Description Eric Matysek 2020-08-25 20:28:26 UTC

Created attachment 1712589 [details]
Pod logs and other info

Description of problem:
Missing messages in Elasticsearch while testing logging throughput with a higher number of projects (100)

Version-Release number of selected component (if applicable):
4.6

How reproducible:
100%

Steps to Reproduce:
1. Deploy cluster with 3 nodes for ES and 10 nodes for logtest projects 
2. Deploy 4.6 logging from respective release-4.6 branches
3. Run logging workload (https://github.com/RH-ematysek/workloads/tree/logtest_v45) with:
LABEL_ALL_NODES=True NUM_PROJECTS=100 NUM_LINES=90000 RATE=3000
5k/s total throughput across 100 projects for 30 mins

Actual results:
fatal: [jump]: FAILED! => {
    "assertion": "480050 == 9000000",
    "changed": false,
    "evaluated_to": false,
    "msg": "Assertion failed"
}


Expected results:
9M messages indexed

Additional info:
I am able to push 10k/s logs when split across just 10 projects with same hardware setup. LABEL_ALL_NODES=True NUM_PROJECTS=10 NUM_LINES=1800000 RATE=60000
Testing 30 projects on a single node to verify it is not fluentd having an issue also passes my testing. LABEL_ALL_NODES=False NUM_PROJECTS=30 NUM_LINES=90000 RATE=3000

Comment 1 Eric Matysek 2020-08-25 20:30:14 UTC

Created attachment 1712591 [details]
Logging must-gather

Comment 2 Jeff Cantrill 2020-08-26 00:43:32 UTC

(In reply to Eric Matysek from comment #0)
> Created attachment 1712589 [details]

Curious as must gather did help me here; there literally is no useful information in the fluent logs.  Also, we are missing the configmap for fluent which we need to correct.

> 
> Expected results:
> 9M messages indexed
> 
> Additional info:
> I am able to push 10k/s logs when split across just 10 projects with same
> hardware setup. LABEL_ALL_NODES=True NUM_PROJECTS=10 NUM_LINES=1800000
> RATE=60000

It would be interesting to understand exactly the number of generator pods that land on any given node.  LABEL_ALL_NODES=True does not necessarily ensure you don't have multiple pods landing on the same node.  Using the referenced scripts for the single pod test, we know the best we can achieve is 2500 m/s.  We know if the sum total rate of pods running on any given node exceed that value then we likely will miss log rotations and end with message loss.

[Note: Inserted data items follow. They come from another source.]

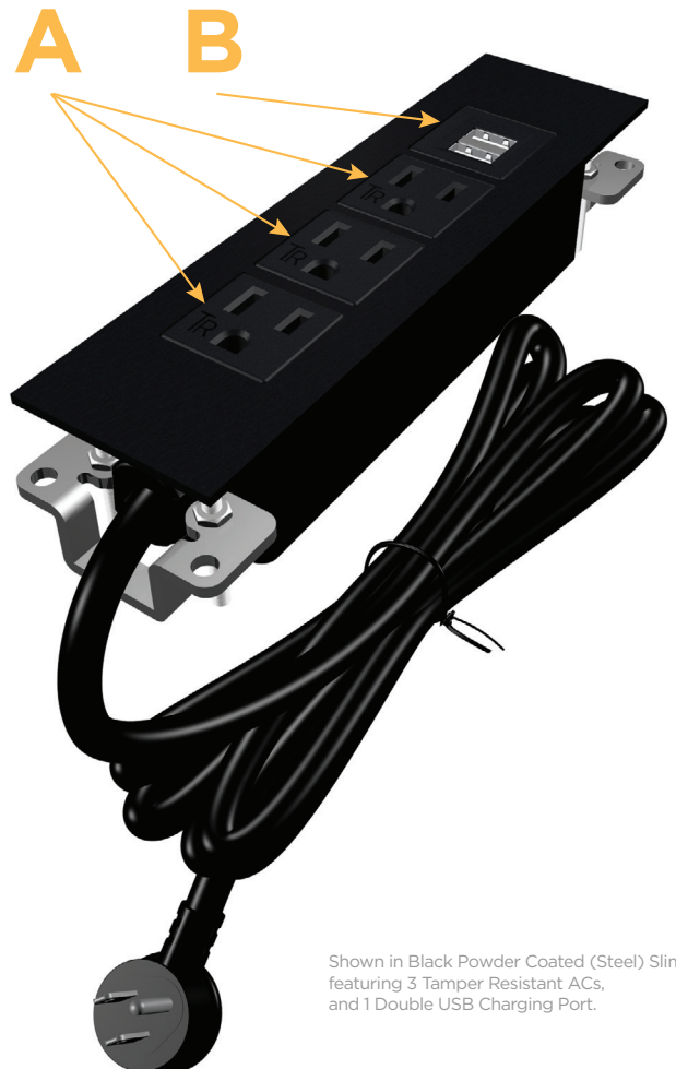
Shown in Black Powder Coated (Steel) Slim Plate, featuring 3 Tamper Resistant ACs, and 1 Double USB Charging Port.
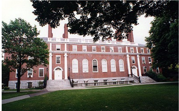
Harvard University, Longfellow Hall 13 Appian Way, Cambridge, MA
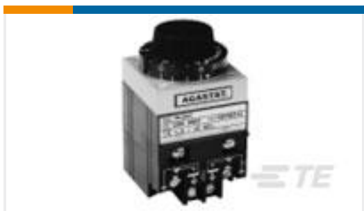
TE Part #5-1423159-2 7012SD=RLY,STD,ON,2P,250VDC,50
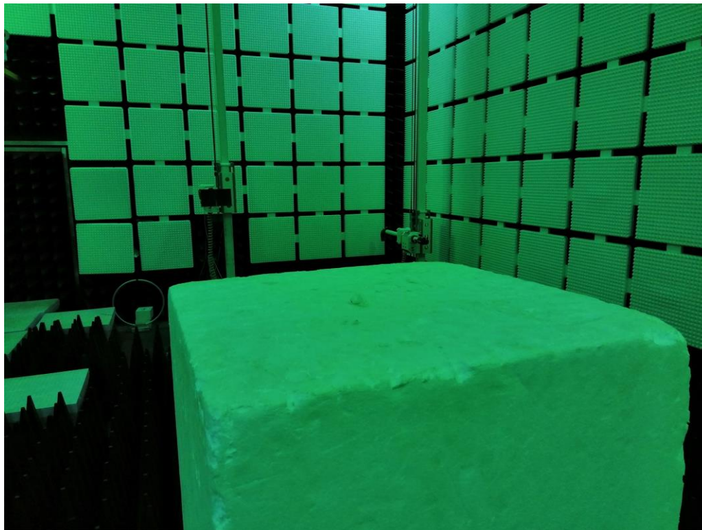
Above 1 GHz
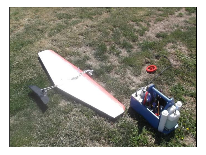
Russ's plane waiting
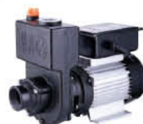
15 ZDK直流无刷 自吸离心泵系列
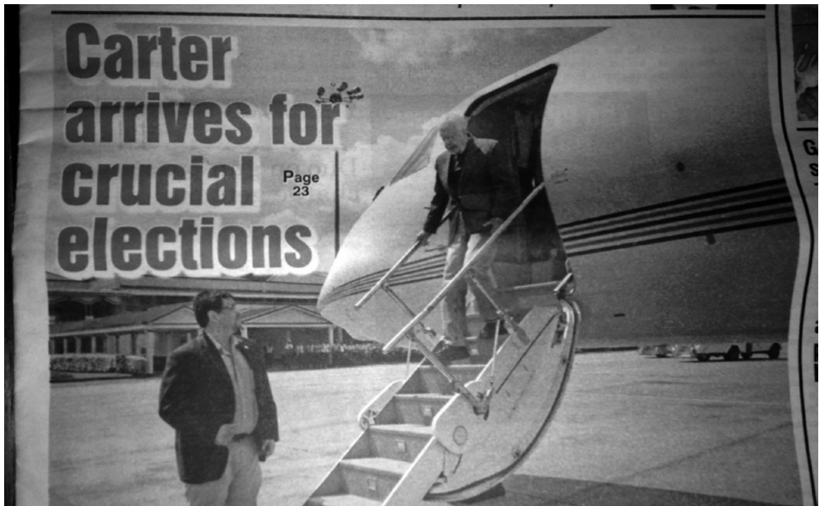
The Carter Center

President Carter led the Center's fourth observation mission to Guyana, reflecting the Center's commitment to the country.
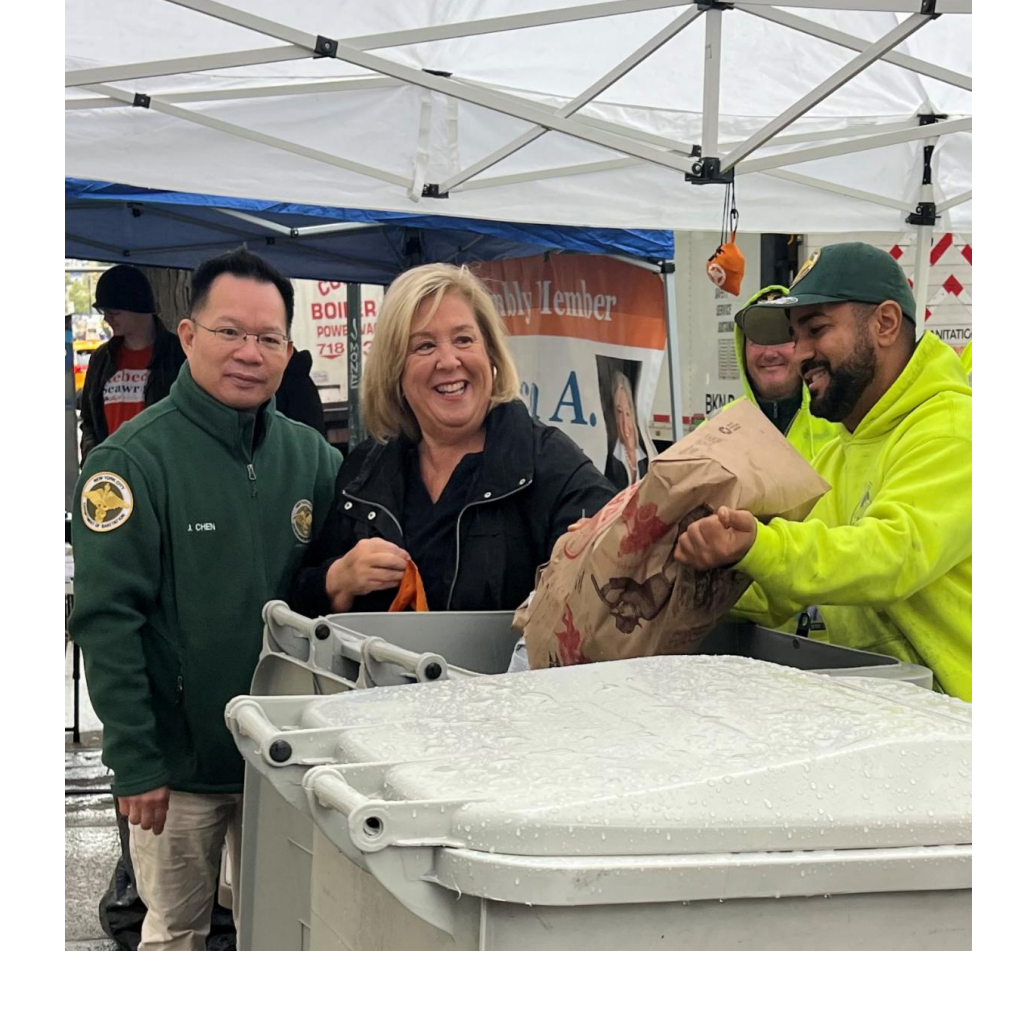
Carl Schurz Park Halloween Howl
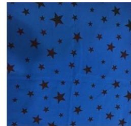
BLUE PC SINKER FABRIC
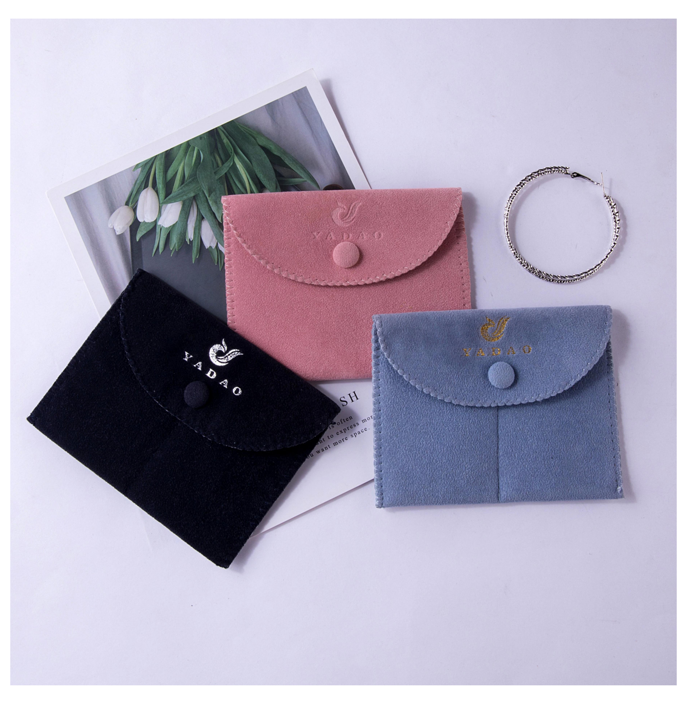
Yadao's office *
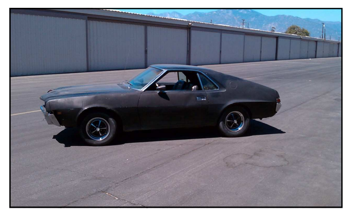
Rip roaring ready to go someone. Next trip Las Vegas?
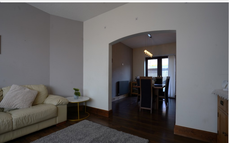
Living Room Into Dining Room
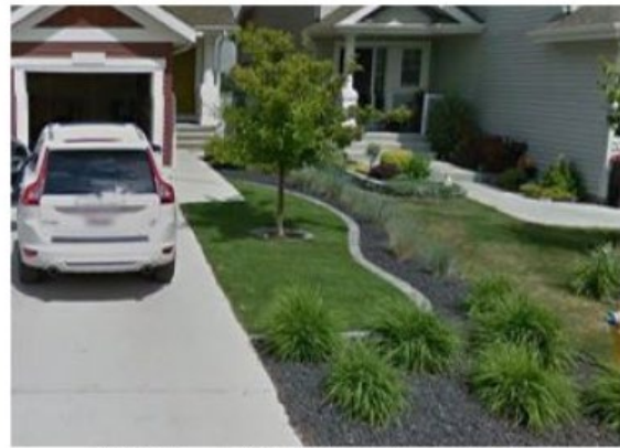
Correct – A distinct boarder containing additional shrubs has been installed between the artificial turf and neighboring sod.

Note: Landscaping plans cannot be reviewed prior to implementation.
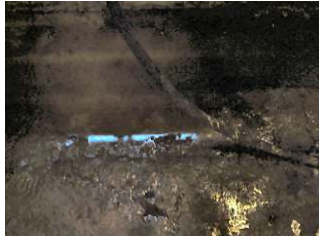
Some of the oily muck and debris under the tile and around the machines prior to cleaning.
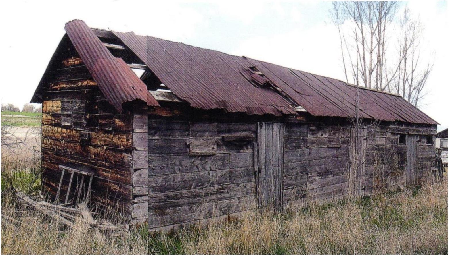
Site 5, Granery
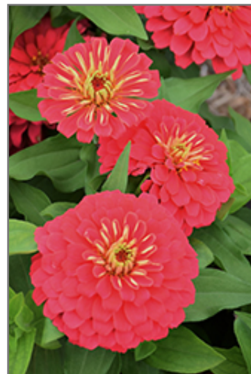
Magellan Coral Zinnia flowers
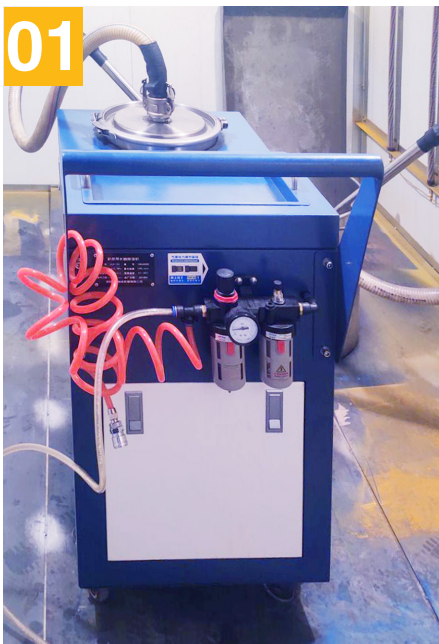
Installation of inlet/outlet pipes
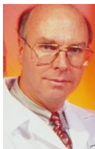
Venter: modifying sequencing plans.

Now Celera will need to hang its sequence data on the framework produced by the public project. Celera used the same approach to sequence the Drosophila genome, in collaboration with the Berkeley Genome Sequencing Project (see Nature 401, 729; 1999).
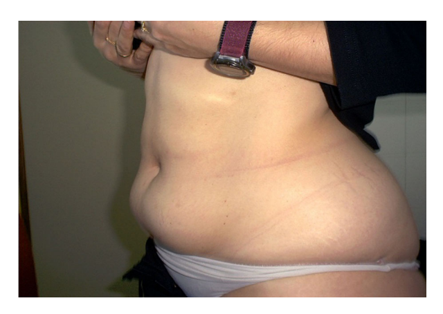
Fig. 1 Two visible lipohypertrophic lesions below the umbilicus

Of some consolation is that Indian patients with LH do not inject into these lesions as frequently as in ROW (Table 4). When asked why they continued to do so, convenience and pain were less frequently cited by Indian patients
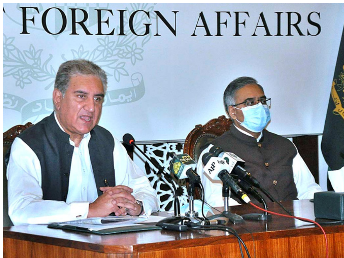
ISLAMABAD: Foreign Minister Makhdoom Shah Mahmood Qureshi addressing a media briefing at Foreign Office.

QUETTA: Pakistan Navy has started distribution of rations in rural and urban areas of Panni Tehsil of Gwadar District on the coast of Balochistan. According to official sources, On the special direction of Commander West Pakistan Navy under the supervision of Lieutenant Commander Furqan Shaukat ration bags were distributed among hundreds of deserving families in rural areas on the second day as well. The ration bag contained flour, rice, lentils, spices, salt, leaves, dates, spirits, etc. So far, thousands of families have benefited from the Pakistan Navy's charitable work. It is to be noted that in Gwadar City yesterday, under the supervision of Commanding Officer third PPF Protection Battalion Capt Abid Hussain, people of different areas of the city were provided by Pakistan Navy with the help of Mir Arshad Kalmati and other social personalities.
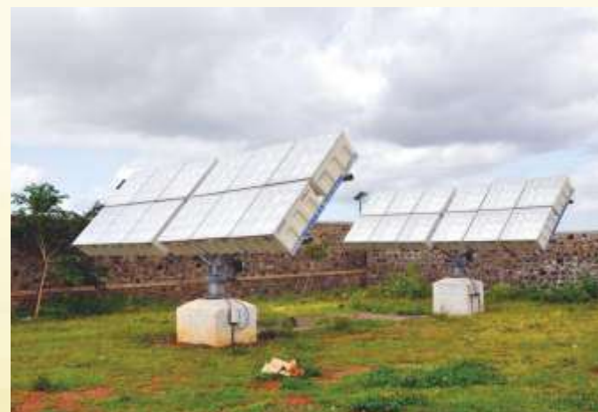
Electricity generation through Solar System
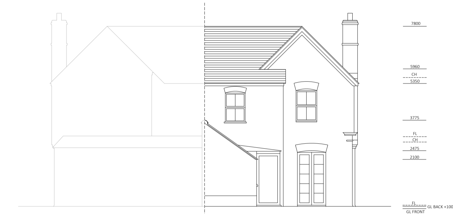
Rear Elevation - Garden
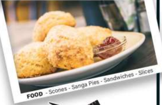
FOOD - Scones - Sanga Pies - Sandwiches - Slices
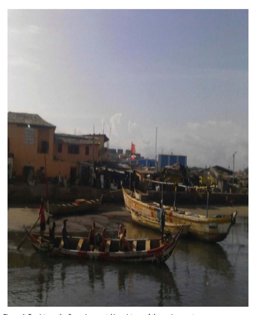
Figure 4. Tourists on the Benya Lagoon taking pictures of the environment.

Eshun, 2013). A key informant at the Museums and Monuments Department at the Elmina Castle and another at the Coconut Grove Hotel, Elmina, revealed in separate interviews that, tourists have been seeing and expressing disgust about open defecation and indiscriminate dumping of waste within certain portions of the study communities, especially around the castle and the Benya Lagoon. According to the informants, some of the tourists take pictures of the nasty scenes in the area (see Figure 4). It can be argued from this piece of evidence that the practice is an affront to the dignity of the people in the area and bad for tourism promotion for improved livelihood and sustainable development.
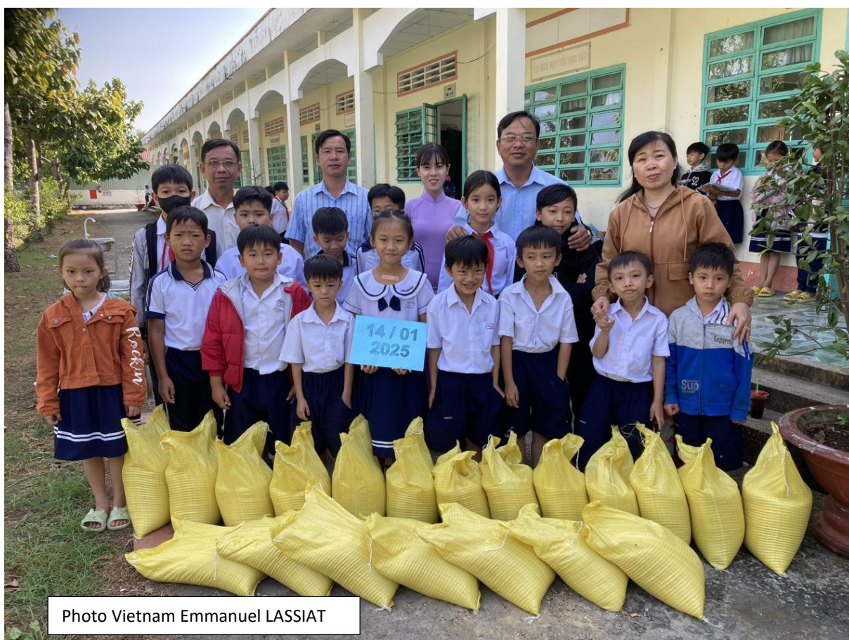
Photo Vietnam
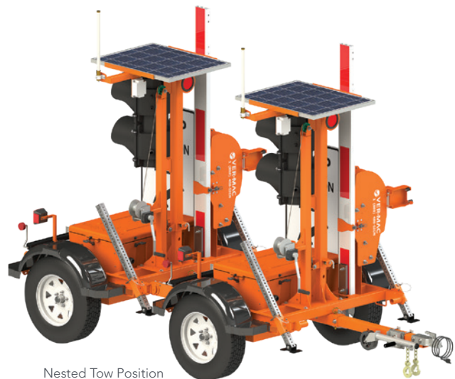
Nested Tow Position
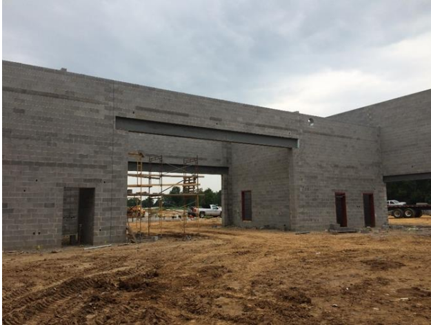
Interior of Gym
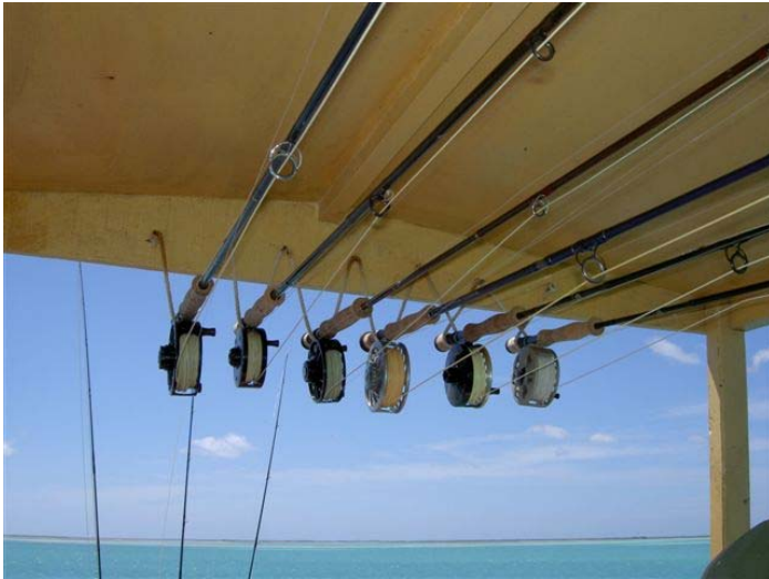
The Christmas Island arsenal
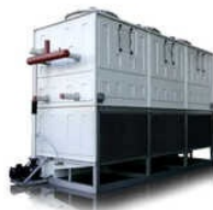
Steel Evaporative Condenser
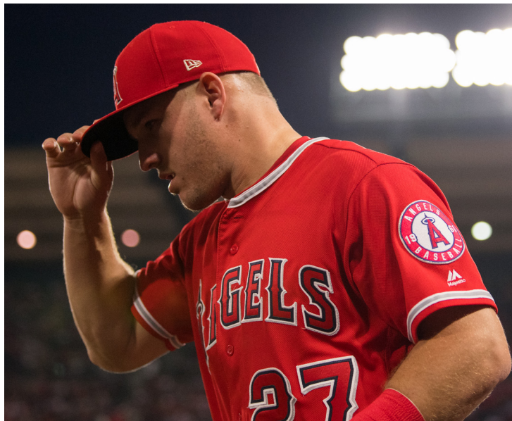
MIKE TROUT is healthy and back and relocated to right field for the Angels in 2025.

For his three titles with San Francisco from 2010-14, the Giants missed the playoffs after each of the first two, then rebounded to win another the fol-
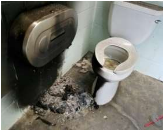
A photo showing Riverwalk restroom that caught fire
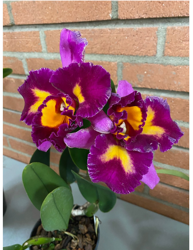
Potinara Dick Smith 'Dark Beauty'
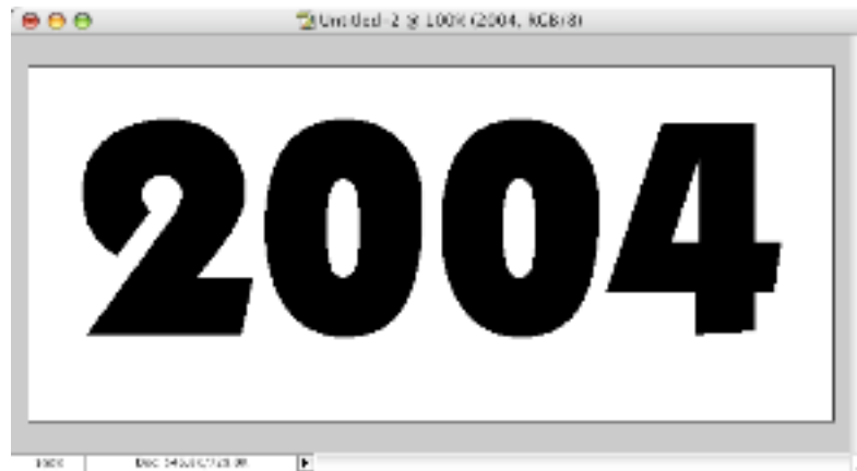
Fig. 1 New document with text inserted

Use a blocky sans serif font. I love Boulder. Type your text. I have chosen to use 2004 as my text, Fig. 1.
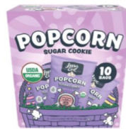
Lesser Evil Sugar cookie popcorn
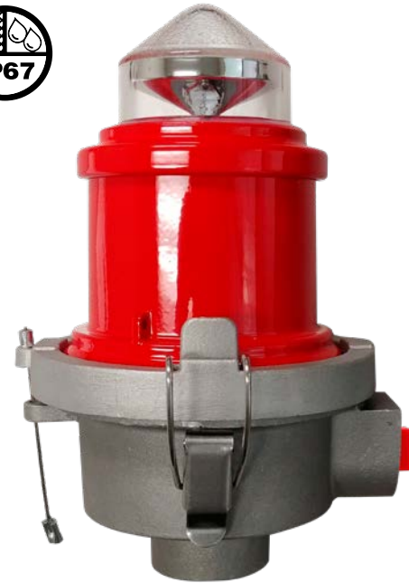
Single L-810 LED Steady-Burning Red Obstruction Light
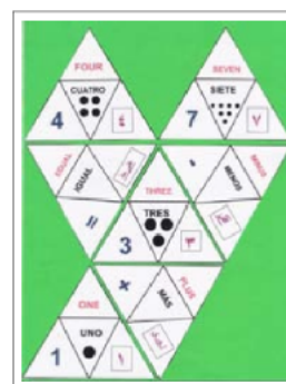
Figure 3: Example of a board with multiple operations

We think it is important that the child be able to transfer the basic operations into different languages and recognise the numbers in these languages. This provides the students with a fun way to reinforce their mastery of these operations and shows them how to use them to solve simple problems.
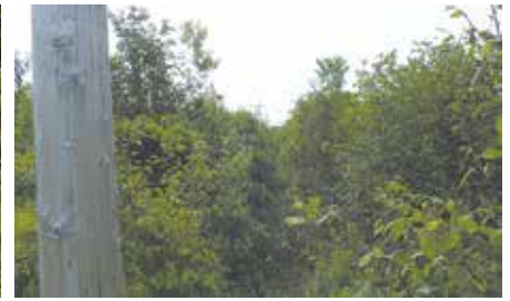
Figure 4. ROW with maximum shrub cover for Golden-winged Warbler.
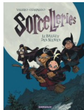
Le Ballet des mémés
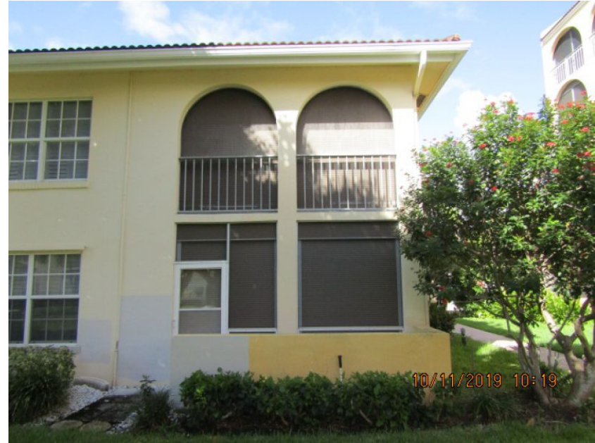
Non-Rated Roll-down Shutters
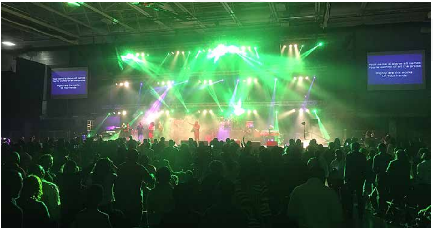
New Year's Eve Celebration

Comment 3 Eric Matysek 2020-08-26 17:54:56 UTC

I added a step in my workload to ouput node placement in a file and checked it after the test, in the test referenced above I had at most 12 projects (600 msg/s) assigned to one node. In other tests I saw up to 20 projects assigned to a single node but that is still within the limits of my single node testing.

Comment 4 Jeff Cantrill 2020-09-10 15:52:57 UTC

*** Bug 1877818 has been marked as a duplicate of this bug. ***

Comment 5 Jeff Cantrill 2020-09-11 20:18:41 UTC

Moving to UpcomingRelease

Comment 7 W. Trevor King 2020-09-28 19:43:56 UTC

It's possible that this issue causes the warning-level FluentdQueueLengthBurst alert to file.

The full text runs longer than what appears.